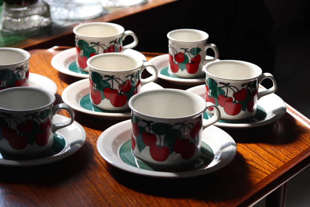 フィンランド語で「さくらんぼ」を意味するARABIAの「kirsikka」シリーズ。 レトロなデザインが新鮮に感じます。
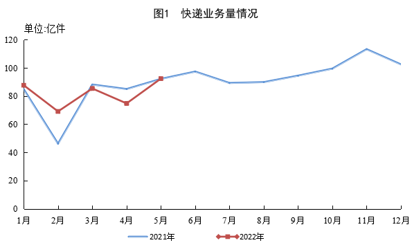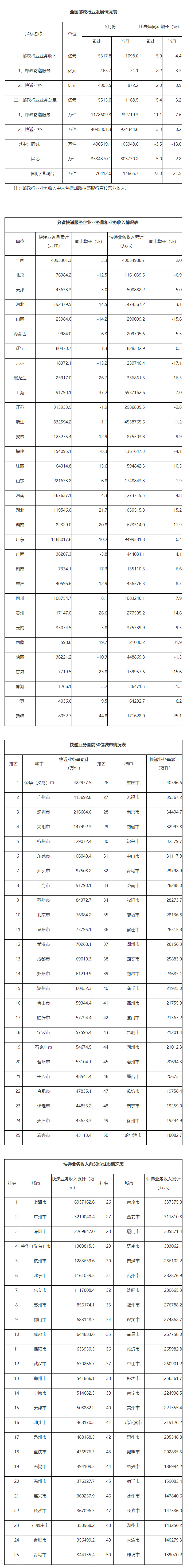 5月份,全国快递服务企业业务量完成92.4亿件,同比增长0.2%;业务收入完成872.2亿元,同比增长0.9%。
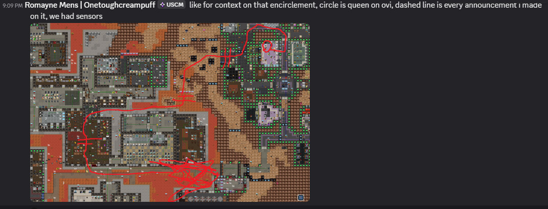 From a whileish ago. We had sensors up and I spotted queen on the move the moment she did from the hive, each dashed line was where I made an announcement that the Queen was infact GOING AROUND the marine position at the scribbles and that marines were imminently about to be encirlced and to go straight south.
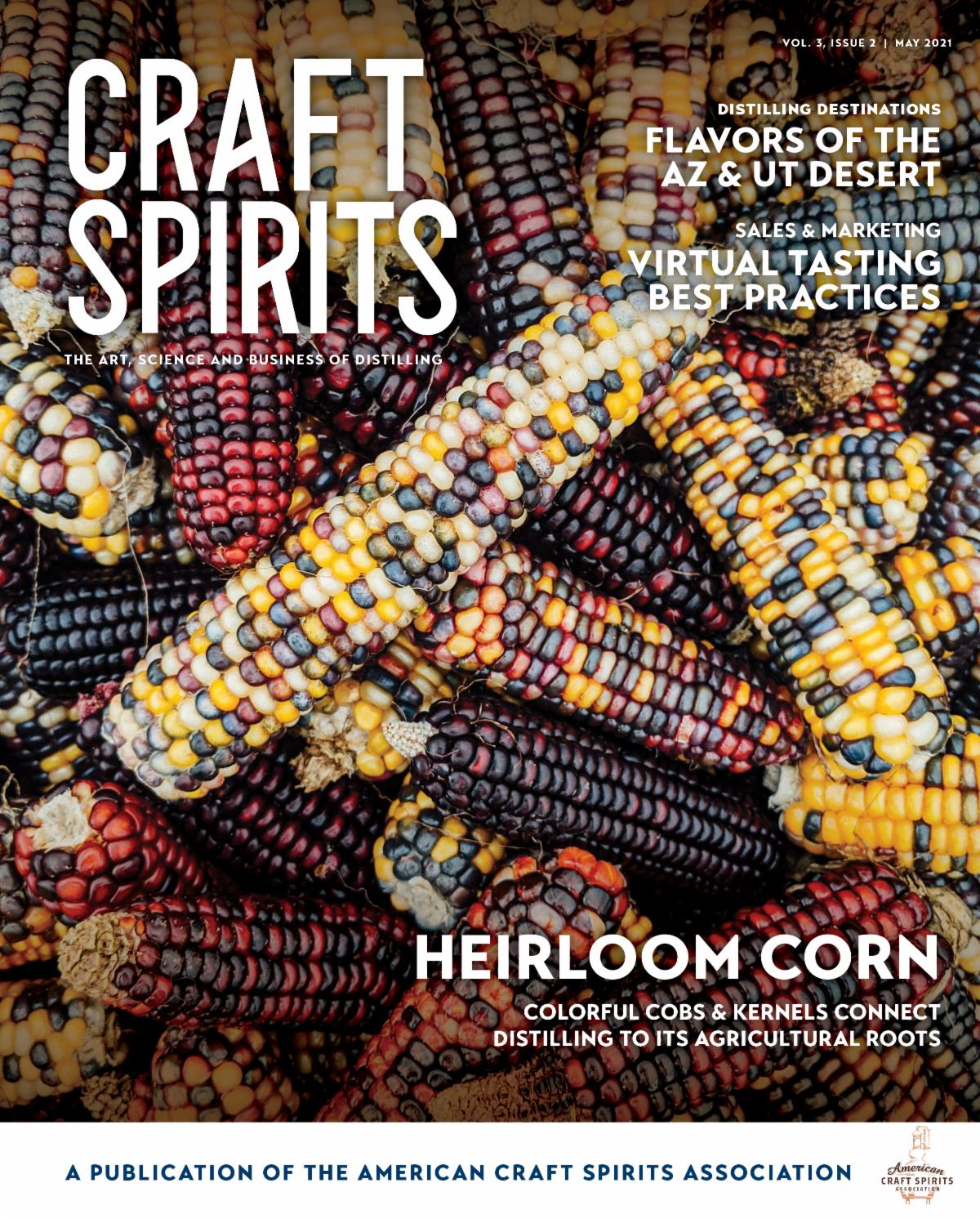 The American Craft Spirits Association proudly presents the May 2021 issue of CRAFT SPIRITS magazine. In our cover story, distillers around the nation weigh in on their adventures with heirloom corn. As our editor in chief writes, "Many, perhaps most, of you don’t work with heirloom corn (or even make whiskey, for that matter), but the piece is about all of you. That’s because craft spirits, regardless of what fermentable substrate you use, is an heirloom industry."
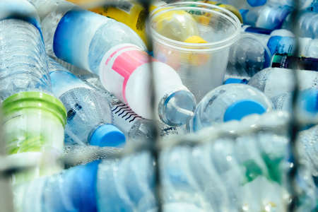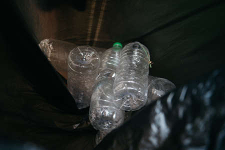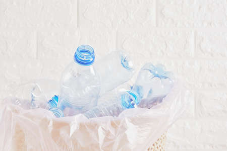 collection of plastic bottles in trash can, garbage recycling concept
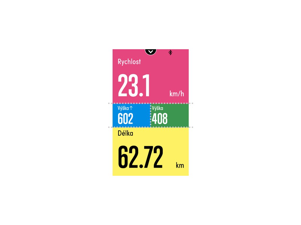 Chceš na displeji počas jazdy radšej vidieť nadmorskú výšku alebo pokyny na odbočenie? Žiadny problém: Zobrazené tréningové hodnoty môžeš kedykoľvek počas jazdy meniť a farebne označovať bez toho, aby si musel/a zastaviť aktuálny záznam dát.

━━━━

• What you are asked to do: The exact lines from the beginning of the data through the one that contains "From a whileish" must be given again, both ends included, and pictures must be left out.

• Response area:
 フィンランド語で「さくらんぼ」を意味するARABIAの「kirsikka」シリーズ。 レトロなデザインが新鮮に感じます。
 5月份,全国快递服务企业业务量完成92.4亿件,同比增长0.2%;业务收入完成872.2亿元,同比增长0.9%。
 From a whileish ago. We had sensors up and I spotted queen on the move the moment she did from the hive, each dashed line was where I made an announcement that the Queen was infact GOING AROUND the marine position at the scribbles and that marines were imminently about to be encirlced and to go straight south.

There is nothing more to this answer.